Friday, February 26, 2021

The United States vs. Billie Holiday: a Late Contender

These days, jazz is probably a little too dependent on the support of elite cultural institutions. It has its own constituent organization within the Lincoln Center and it is taught at many of the finest universities (like Julliard and Berklee). Wouldn’t Harry Anslinger, the notorious jazz-hating Narc, be surprised. He made of point of targeting jazz musicians in his war on drugs, settling on Billie Holiday as his prime focus. That aspect of Holiday’s tragic story comes to the fore in Lee Daniels’ The United States vs. Billie Holiday, based on Johan Hari’s nonfiction book (primarily this excerpt here), which premieres today on Hulu.

Holiday had a difficult life that she made even more painful through her own decisions. While most jazz musicians closed ranks around each other, largely stymying Anslinger’s prosecution/persecution attempts as the chief of the Federal Bureau of Narcotics (a precursor to the DEA), Holiday perversely kept getting involved with the wrong sort of men, who were only too willing to betray her. Her determination to keep singing the searing anti-lynching song “Strange Fruit” further inspired Anslinger’s wrath. Weirdly, Holiday defiantly performed it much more frequently than Suzan-Lori Parks’ screenplay give her credit for. However, Daniels is quite shrewd to hold off showing her characteristically devastating performances until roughly midway through.

Essentially, the film starts with Holiday well into her post-Basie fame, periodically flashing-back to scenes from her harrowing early years in Baltimore. We understand why she continues to fall into cycles of abuse, choosing the wrong men over and over. Jimmy Fletcher was recruited to be one of them, but the undercover agent will fall in love with Holiday, even while he builds a case against her. At least when he collars Holiday it is a legitimate bust, but he still regrets it.

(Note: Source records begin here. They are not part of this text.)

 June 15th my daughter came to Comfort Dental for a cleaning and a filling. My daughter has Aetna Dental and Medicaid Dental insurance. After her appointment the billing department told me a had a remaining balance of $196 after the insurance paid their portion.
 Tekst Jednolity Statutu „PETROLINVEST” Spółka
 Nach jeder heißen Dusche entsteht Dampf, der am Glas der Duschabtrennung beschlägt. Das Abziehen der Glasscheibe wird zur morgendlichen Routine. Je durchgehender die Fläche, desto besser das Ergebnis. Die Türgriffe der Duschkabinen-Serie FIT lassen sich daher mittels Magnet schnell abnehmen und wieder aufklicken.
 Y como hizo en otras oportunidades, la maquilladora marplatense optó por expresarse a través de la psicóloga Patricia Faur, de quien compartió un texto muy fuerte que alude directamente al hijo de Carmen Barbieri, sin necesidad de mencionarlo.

Daniels and Parks will please real jazz fans because they also give considerable screen time to her great platonic love, tenor legend Lester “Pres” Young. Tyler James Williams is terrific as Pres, playing him in a more forceful and engaged manner than he is often presented (many thanks for that). Yet, it seems like a lost opportunity not to depict their final bittersweet reunion on the classic
Sound of Jazz broadcast. Instead, US VS leaves them on bad terms.

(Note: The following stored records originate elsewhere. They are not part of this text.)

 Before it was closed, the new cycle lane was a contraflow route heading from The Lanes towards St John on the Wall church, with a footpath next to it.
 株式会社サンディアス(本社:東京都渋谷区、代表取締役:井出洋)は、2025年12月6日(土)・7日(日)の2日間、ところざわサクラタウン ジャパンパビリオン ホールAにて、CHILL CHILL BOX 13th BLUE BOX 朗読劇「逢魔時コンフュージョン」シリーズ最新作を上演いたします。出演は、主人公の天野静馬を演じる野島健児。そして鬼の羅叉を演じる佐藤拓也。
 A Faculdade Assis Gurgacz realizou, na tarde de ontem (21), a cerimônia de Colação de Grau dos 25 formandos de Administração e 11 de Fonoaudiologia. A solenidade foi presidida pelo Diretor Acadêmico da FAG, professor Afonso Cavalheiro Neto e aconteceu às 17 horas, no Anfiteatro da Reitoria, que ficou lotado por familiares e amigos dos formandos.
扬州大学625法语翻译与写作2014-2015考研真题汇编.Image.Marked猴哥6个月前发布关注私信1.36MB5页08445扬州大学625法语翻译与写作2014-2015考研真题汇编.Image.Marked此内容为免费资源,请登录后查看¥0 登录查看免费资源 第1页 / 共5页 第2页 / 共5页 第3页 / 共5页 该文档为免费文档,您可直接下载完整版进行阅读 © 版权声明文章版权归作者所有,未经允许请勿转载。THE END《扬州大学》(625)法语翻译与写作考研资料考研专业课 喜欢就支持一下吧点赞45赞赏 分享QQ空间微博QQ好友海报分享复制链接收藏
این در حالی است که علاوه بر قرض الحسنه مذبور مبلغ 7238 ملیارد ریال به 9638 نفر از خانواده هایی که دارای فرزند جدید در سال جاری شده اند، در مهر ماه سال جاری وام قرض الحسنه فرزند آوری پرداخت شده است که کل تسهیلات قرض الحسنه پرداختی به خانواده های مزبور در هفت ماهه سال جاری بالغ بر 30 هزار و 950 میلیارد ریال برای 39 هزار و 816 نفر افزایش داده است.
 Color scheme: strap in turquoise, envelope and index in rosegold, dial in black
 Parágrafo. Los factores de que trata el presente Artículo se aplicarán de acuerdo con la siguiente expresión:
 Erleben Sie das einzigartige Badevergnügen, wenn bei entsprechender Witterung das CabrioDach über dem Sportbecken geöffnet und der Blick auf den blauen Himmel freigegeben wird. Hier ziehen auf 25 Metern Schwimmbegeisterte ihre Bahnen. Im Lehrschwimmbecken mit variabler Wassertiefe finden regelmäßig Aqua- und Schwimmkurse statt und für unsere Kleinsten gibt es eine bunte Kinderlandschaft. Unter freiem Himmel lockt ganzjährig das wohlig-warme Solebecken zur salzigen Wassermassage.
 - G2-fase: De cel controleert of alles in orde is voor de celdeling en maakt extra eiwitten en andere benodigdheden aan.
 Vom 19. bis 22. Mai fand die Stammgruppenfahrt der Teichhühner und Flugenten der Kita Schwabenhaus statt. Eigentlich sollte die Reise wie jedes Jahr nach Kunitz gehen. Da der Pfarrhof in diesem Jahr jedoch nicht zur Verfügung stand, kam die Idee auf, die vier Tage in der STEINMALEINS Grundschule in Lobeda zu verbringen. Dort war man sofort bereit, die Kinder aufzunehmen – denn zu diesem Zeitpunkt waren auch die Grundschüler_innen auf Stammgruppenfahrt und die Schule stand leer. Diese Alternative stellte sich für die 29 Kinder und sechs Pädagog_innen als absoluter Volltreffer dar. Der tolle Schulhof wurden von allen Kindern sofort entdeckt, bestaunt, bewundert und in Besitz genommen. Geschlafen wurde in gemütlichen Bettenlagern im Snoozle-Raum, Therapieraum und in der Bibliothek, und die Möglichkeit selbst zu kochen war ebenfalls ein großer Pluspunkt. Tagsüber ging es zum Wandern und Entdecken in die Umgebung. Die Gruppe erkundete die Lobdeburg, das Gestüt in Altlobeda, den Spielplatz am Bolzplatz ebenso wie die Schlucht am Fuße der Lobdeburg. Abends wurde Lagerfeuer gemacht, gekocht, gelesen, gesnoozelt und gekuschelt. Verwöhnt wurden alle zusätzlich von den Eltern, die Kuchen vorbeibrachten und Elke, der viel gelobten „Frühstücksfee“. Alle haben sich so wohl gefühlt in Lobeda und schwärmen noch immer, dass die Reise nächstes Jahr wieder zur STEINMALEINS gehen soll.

Regardless, Andra Day lives up to the awards hype as Lady Day, especially in her scenes opposite Williams and Trevante Rhodes, who fully conveys the depth and extent of Fletcher’s conflicting angst, guilt, regret, and lust. The natural inflections and intonations of Day’s voice are almost an eerie dead ringer for Holiday’s—so much so older jazz fans might assume it is a deliberate imitation. Dramatically, she gives a raw and fearless performance, on both physical and emotional levels.

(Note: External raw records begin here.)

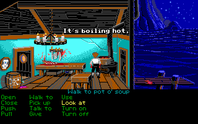 The Secret of Monkey Island is a comedy set during the “golden age” of piracy in the Caribbean. The game’s twisty plot leads our hero, fresh from the Old World, on a hilarious, complex, swash-buckling search for the fabled secret of Monkey Island. Like other Lucasfilm Games graphic adventures, The Secret of Monkey Island features cinematic storytelling, high resolution graphics, and a unique point ‘n click interface.
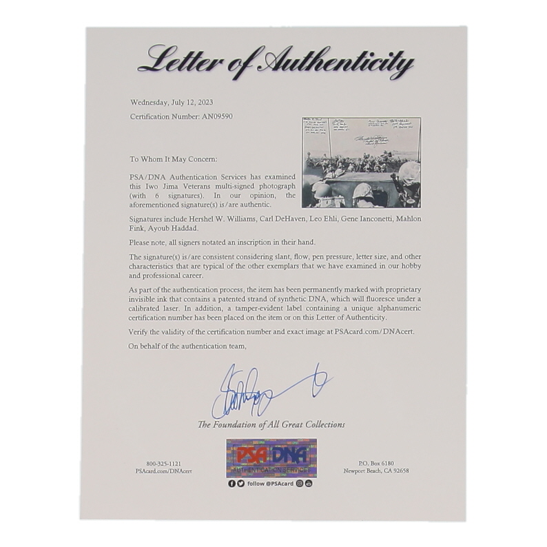 This powerful 11x14 photograph of the iconic Iwo Jima invasion is hand-signed by six distinguished United States Marine Corps veterans who bravely served during this pivotal battle in World War II. The veterans include Hershel ""Woody"" Williams, Carl DeHaven, Leo Ehli, Gene Ianconetti, Mahlon Fink, and Ayoub Haddad. Each signature commemorates the heroism and sacrifice of the men who fought in one of the most critical battles of the Pacific Theater. Authenticated by PSA/DNA, this photograph comes with a Letter of Authenticity, ensuring the provenance and significance of this historic piece.
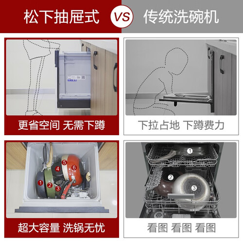 这款洗碗机无需改装即可嵌入橱柜,合理利用空间,做饭炒菜不费力。只需轻轻一按即可快速洗涤,老人孩子都会用。
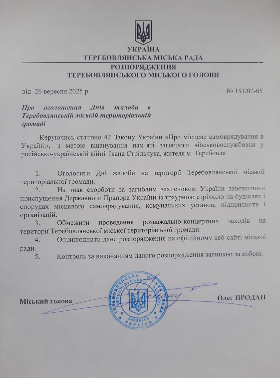 🕯 У зв’язку з трагічною загибеллю Героя, мешканця міста Теребовля Івана Стрільчука, який віддав своє життя у російсько-українській війні, на території Теребовлянської міської територіальної громади офіційно оголошено Дні жалоби. Це рішення, спрямоване на вшанування пам’яті загиблого захисника, було закріплене розпорядженням Теребовлянського міського голови Олега Продана.
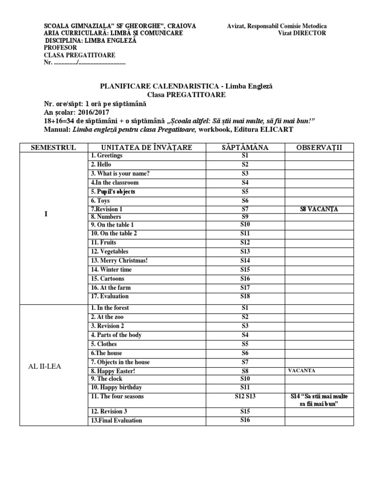 Free Clasa Pregătitoare Model De Planificare Anuală Detaliată
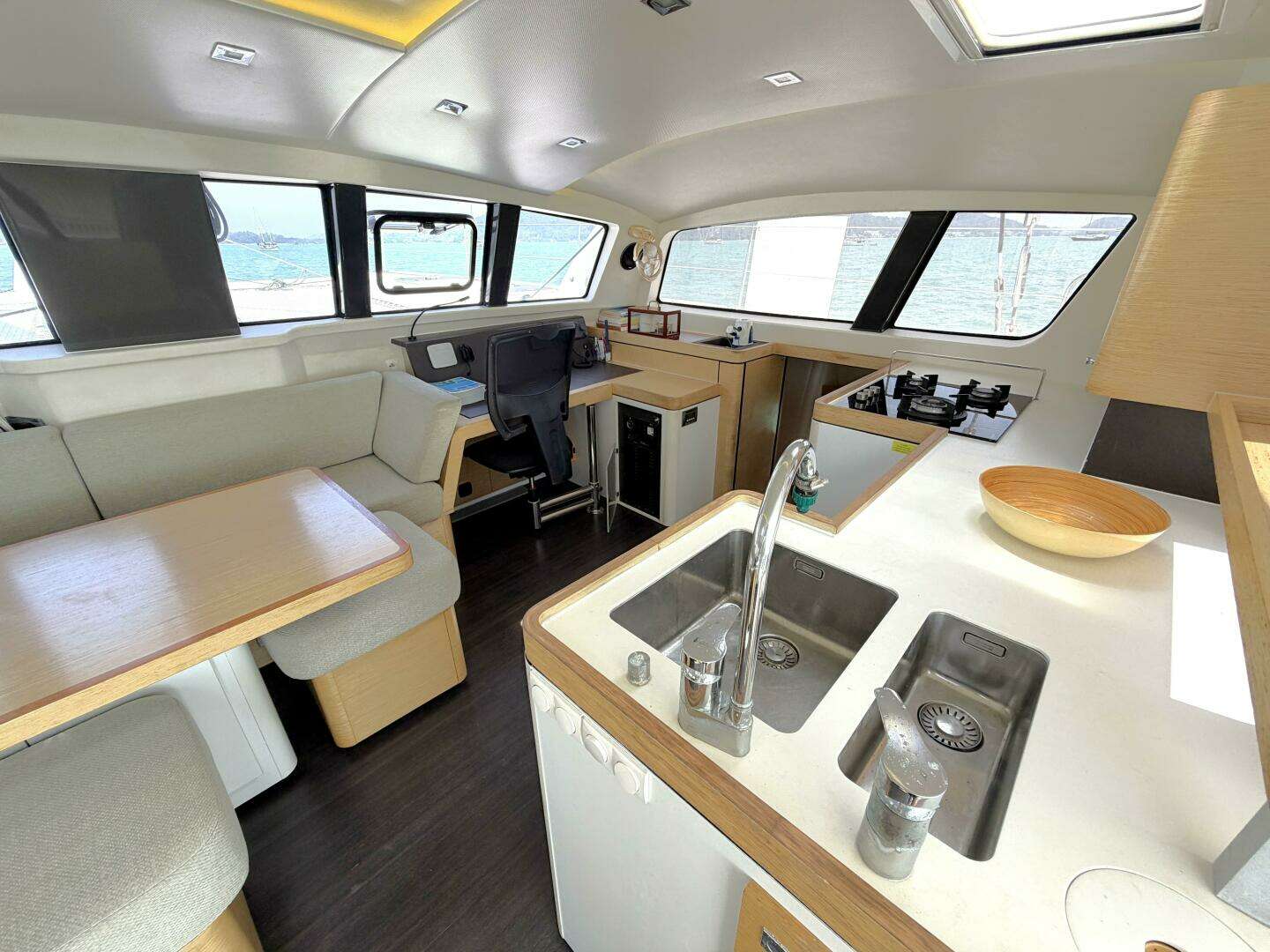 Her 4-cabin layout offers spacious near-Queen beds in the aft cabins of the hulls with a separate head and shower on the starboard side, plus a combined head on port, maximising space and comfort for family or crew. Full boat air conditioning keeps Mariposa cool in the tropics, while opening front windows along the saloon allow cool breezes for a silent and comfortable boat.
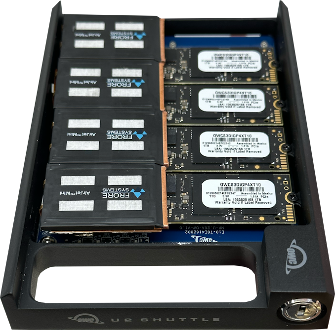 OWC’s Mercury Pro U.2 Dual and U2 Shuttle are essentially PCIe 3.0 SSD carriers, and such drives do not tend to get very hot, so applying Frore’s premium AirJet cooling technology to them sounds overkill. But there are two things to note here. First, OWC’s Mercury Pro U.2 Dual comes with a 3,000-rpm fan, and the device is not completely quiet out-of-box, so using AirJets removes the fan and makes it utterly quiet. Secondly, by using Frore’s AirJets with existing carriers, OWC sets the stage for subsequent generations of Mercury Pro U.2 Dual and U2 Shuttle that will house faster and hotter SSDs requiring decent cooling to ensure consistent performance.
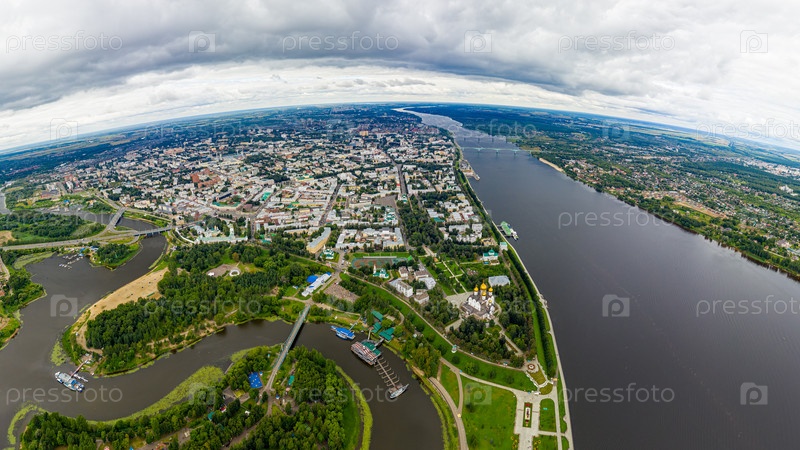 Ярославль, Россия. Парк на Косе (Косе). Панорамный вид на город. Которосль впадает в Волгу. Облачная погода. С высоты птичьего полета

Unfortunately, Garrett Hedlund is definitely the weak link of the film. Daniels unambiguously places him in the center of a racist government conspiracy, not without justification. Yet, his Anslinger lacks the subtlety to be a realistically compelling character or the flamboyant scenery chewing to be a memorable villain. He is just too bland and boring.

Of course, the music sounds great. Day perfectly channels Lady Day on favorite standards like “Solitude,” “All of Me,” “I Cried for You,” “T’Ain’t Nobody’s Business,” “God Bless the Child” and of course, “Strange Fruit.” Plus, fans should also look out for Patience Higgins in one of the best sounding unsuccessful saxophone audition you will ever hear. Kris Bowers’ score seems to take more inspiration from Holiday’s late sessions arranged by Ray Ellis rather than her more swinging Basie years, but that fits the fatalistic vibe Daniels intended. (However, the original tune, “Tigress & Tweed” really doesn’t sound era-appropriate.)

Like Clint Eastwood’s
Bird, US VS is often frustrating, because it frankly depicts the demons that plagued a great artist. They both should have lived much longer, leaving behind an even greater body of work. Sadly, that is how it was. Despite a few shortcomings, Daniels’ film does much better by its iconic subject than previous biopics (that shall remain nameless). Recommended for her jazz and crossover fans, The United States vs. Billie Holiday starts streaming today (2/26) on Hulu.